The energy was different here, between these 60 people from all around Europe, farmers, and organizations engaged in regenerative agriculture, or better agri-culture.

It felt less a conference and way more a re-connection and inter-connectedness with like-minded people, all on journeys towards regeneration.

I think “connection” was the word used the most during the three days at the Farmers’ Castle.

A woman putting a sticky note to a board

How did we lose connections in our world – while staying ‘connected’ with ever-faster mobile devices and platforms?

Connection to nature, between families, neighbors, and the people who grow our food.

The farmers all around the world who grow the food we live from are anonymous, some far away on different continents.

We created certifications to fill this lost connection, the absence of interaction with the people who grow our food.

We use labels as ‘proof’ of where our food comes from, how it was grown. And, maybe, for the lost trust in the current economy.

“Richness comes from human connection. GDP matters less than hygge.” as William Falk puts it.
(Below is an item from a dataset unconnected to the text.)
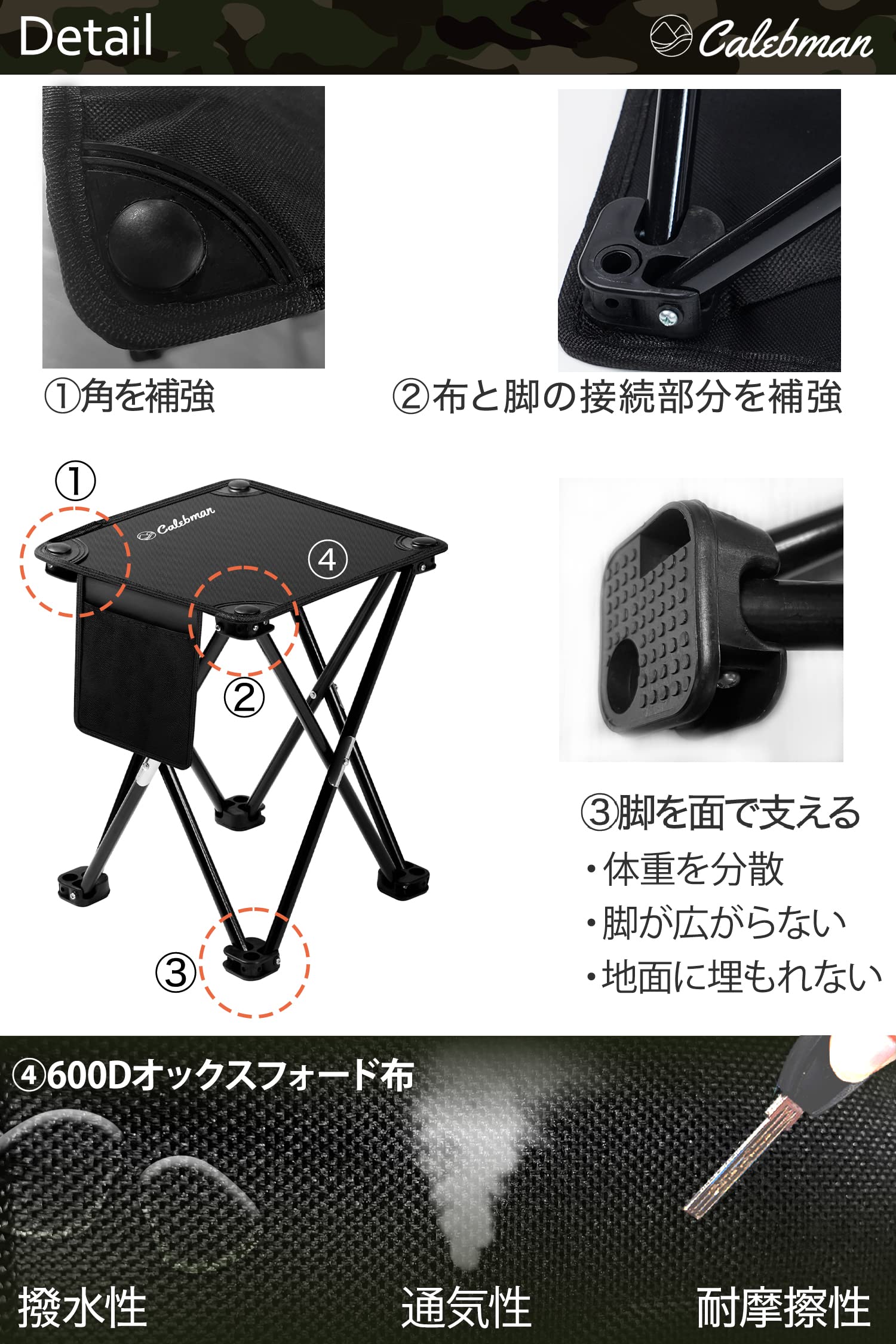 【ここを改良!4つ脚で丈夫&補強を追加】一般的な3つ脚から4つ脚に改良しました。①体重が分散されるため、座った時の安定性が格段に増しました。②3つ脚の体重がかかると広がりやすいという欠点を、4つ脚にすることで改善。③布と脚の連結にはヒンジを取付け補強を行いました。④脚の着面は点で支えるのではなく、面で支えられるパーツを取付けました。土の上でもイスが沈まずお使いいただけます。

If the benefits of being in community and nature are so natural and vital to us, why don’t we change and do more of it?

Maybe because we’ve so lost contact that although we feel the need to search, we don’t realize what we’ve lost or where to find it?

“When was the last time you felt fully connected to nature?” I ask my peers in a session at the congress.

We bathe in a waterfall of stories around grounding moments, imbedded in the sounds of birds and rustling leaves, listening to rain, and breathing the fresh smell of grass. Stories of regeneratively grown food overwhelming all senses with taste, smell, and texture. Special moments at the market, the restaurant, the kitchen table of grandparents with a hot steaming stew.

What if this was all that regeneration is about?

Re-Building real connections – between humans and earth, farmers and the land, between consumers, producers, and communities. Openly sharing why we do the things the way we do them.

In such a world built on connections, would we need labels, certifications, definitions then?

What if reconnection gives us back what we are searching for?